= Exercise =
Only the lines from the opening of the material through the line bearing "Plain blue checkered" should be reproduced, exactly and without pictures.

= Supplied information =
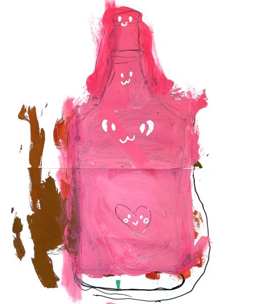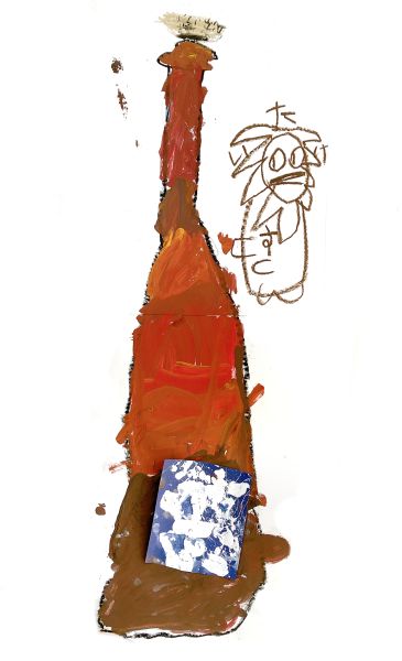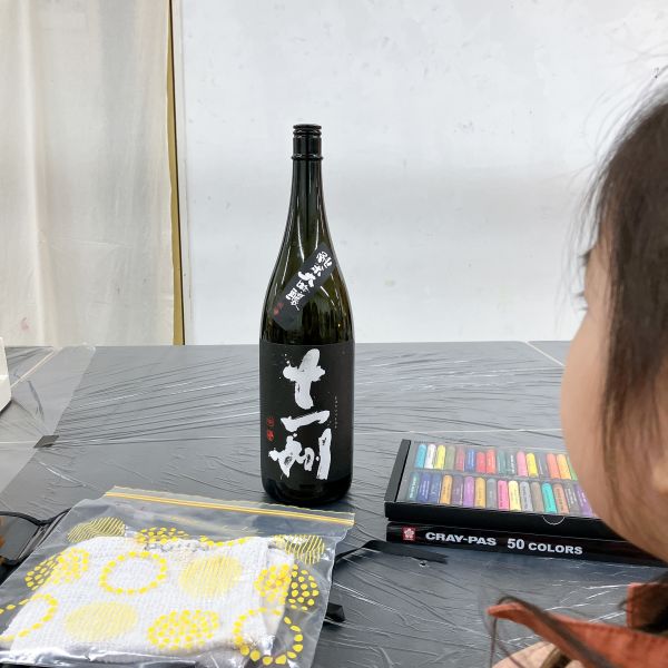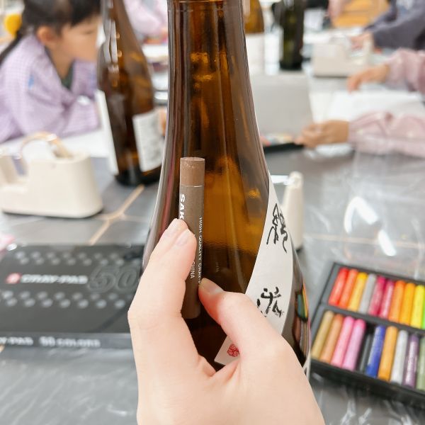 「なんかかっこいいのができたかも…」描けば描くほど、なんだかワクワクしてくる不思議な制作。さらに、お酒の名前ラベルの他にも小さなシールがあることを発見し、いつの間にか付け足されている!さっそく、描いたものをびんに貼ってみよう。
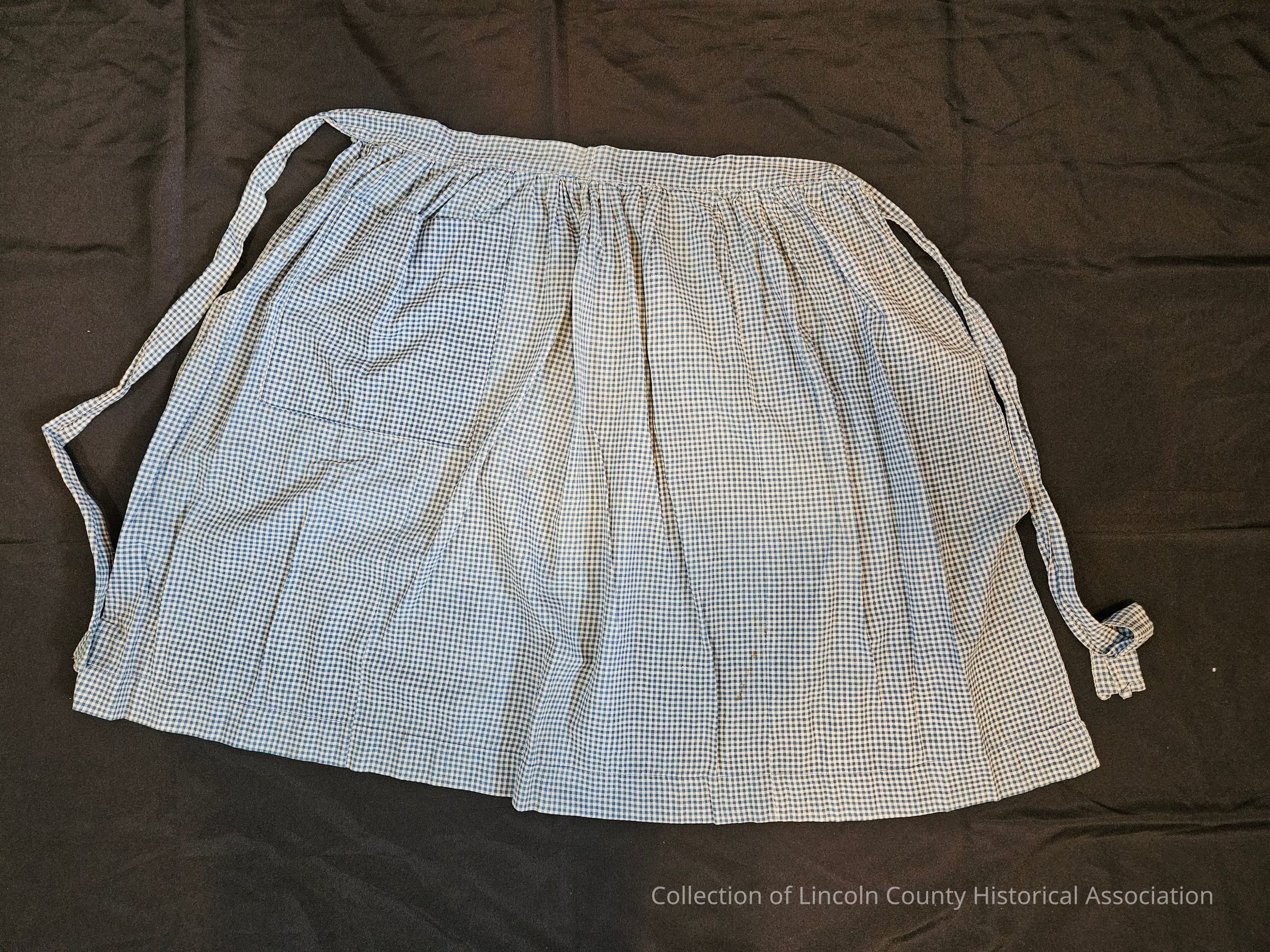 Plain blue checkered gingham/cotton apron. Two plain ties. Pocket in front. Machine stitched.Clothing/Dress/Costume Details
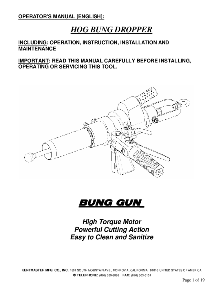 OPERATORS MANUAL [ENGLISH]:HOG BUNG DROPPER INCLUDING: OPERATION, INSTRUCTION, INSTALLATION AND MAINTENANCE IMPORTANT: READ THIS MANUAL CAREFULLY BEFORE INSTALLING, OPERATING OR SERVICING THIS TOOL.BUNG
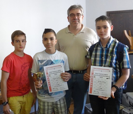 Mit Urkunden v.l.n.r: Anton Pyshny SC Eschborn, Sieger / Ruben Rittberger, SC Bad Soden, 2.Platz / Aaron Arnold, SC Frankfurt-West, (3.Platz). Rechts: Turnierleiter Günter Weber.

= Written response =
 「なんかかっこいいのができたかも…」描けば描くほど、なんだかワクワクしてくる不思議な制作。さらに、お酒の名前ラベルの他にも小さなシールがあることを発見し、いつの間にか付け足されている!さっそく、描いたものをびんに貼ってみよう。
 Plain blue checkered gingham/cotton apron. Two plain ties. Pocket in front. Machine stitched.Clothing/Dress/Costume Details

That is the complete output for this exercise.